El desdichado sonrió, ahora de forma más burlesca.
-¡Me juzgas a mí! -carcajeó de forma sonora- Iluso de ti Alexander Van Rose. Tú eres el que no puede controlar tus propios demonios.
¡Era el colmo! Su actitud risible, su rostro caricaturesco, ya me estaba enloqueciendo y extinguía la propia paciencia que me quedaba.
Dejé mi arma, tomé su propio puñal y lo hundí de lleno en el centro de su blando vientre, hasta que mis oídos se llenaron con sus últimos jadeos y las sombras eclipsaron sus ojos por completo.
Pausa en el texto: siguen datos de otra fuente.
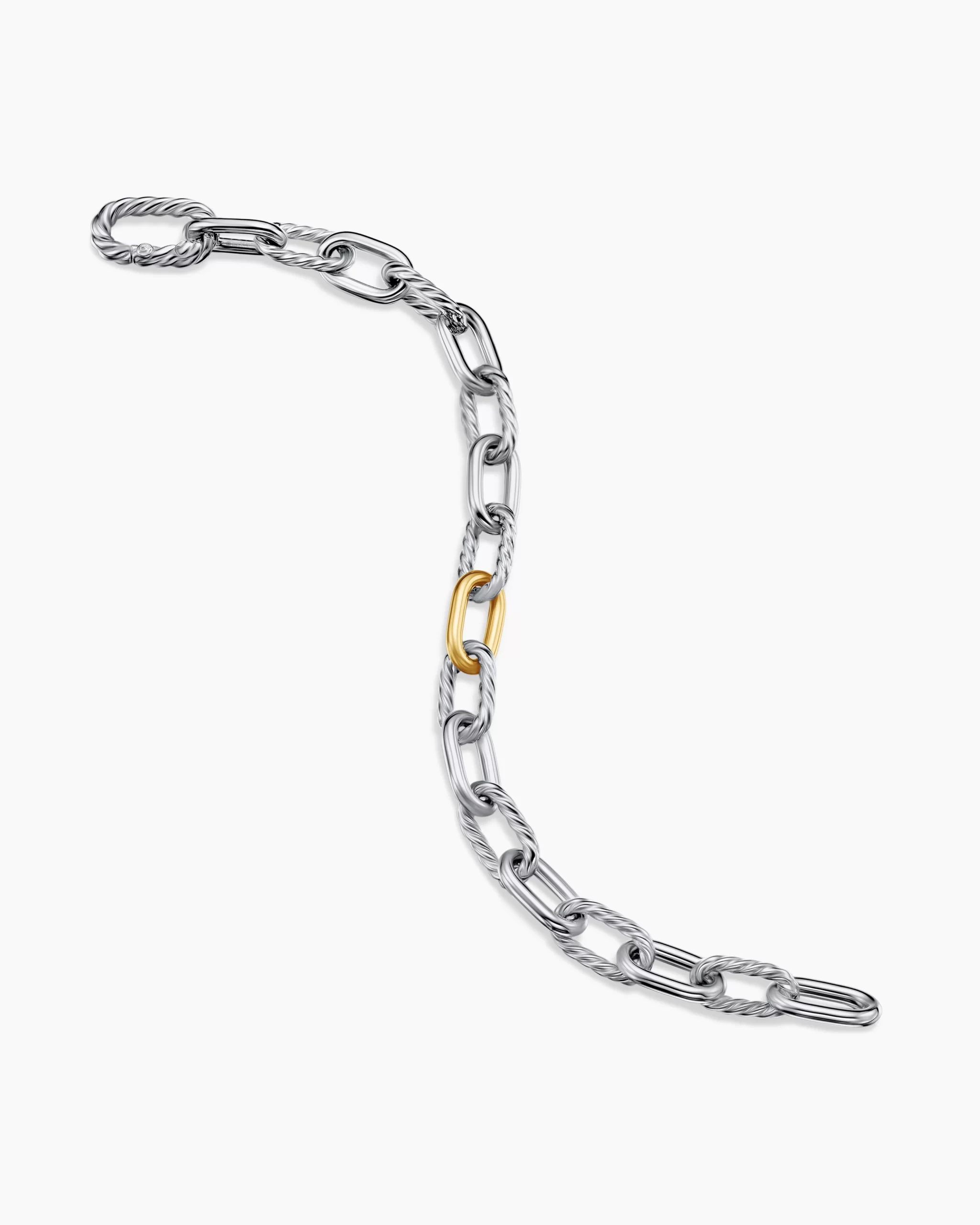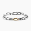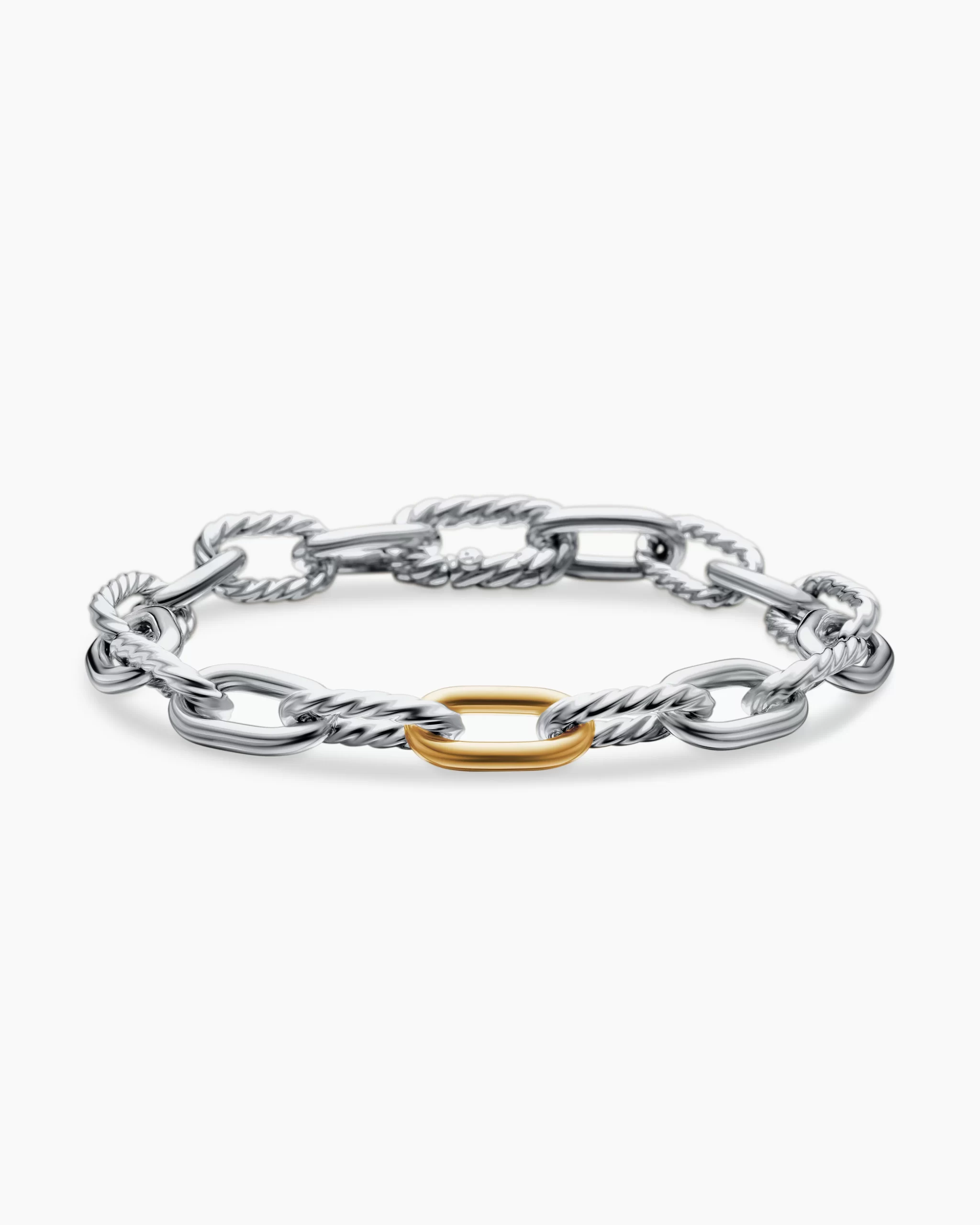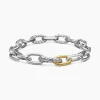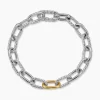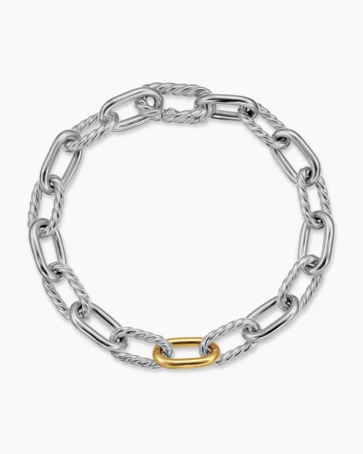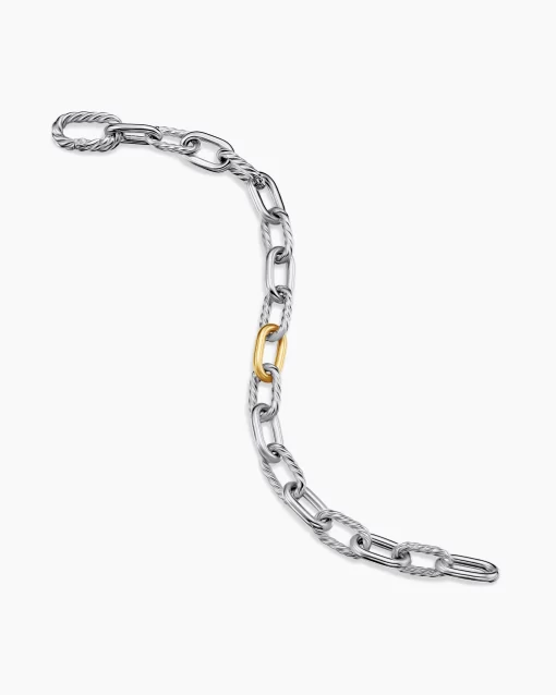 Named for the iconic Manhattan avenue, DY Madison® captures the bold spirit of New York City—unexpected moments and the promise of success. A striking juxtaposition of smooth and Cabled, pillow-shaped links fuses the brand’s signature design elements to create a unique rhythm. At once modern and timeless, these must-have chains are instant heirlooms.Sterling silver with bonded 18-karat bonded yellow goldBracelet, 8.5mmPush clasp

Cuatro días después del hecho...
Luego de una denuncia realizada por los vecinos, por los nauseabundos olores provenientes de la propiedad y la falta de actividad en la misma, las autoridades irrumpieron en la vivienda y retiraron de aquella el cuerpo sin vida del señor Alexander Van Rose.
Pese a encontrar los certificados médicos que acreditaban su enfermedad, los doctores determinaron su deceso, pues la evidencia indicaba que la causa de muerte habían sido las heridas auto infringidas, provocadas por el arma blanca, que se halló enterrada en su cuerpo.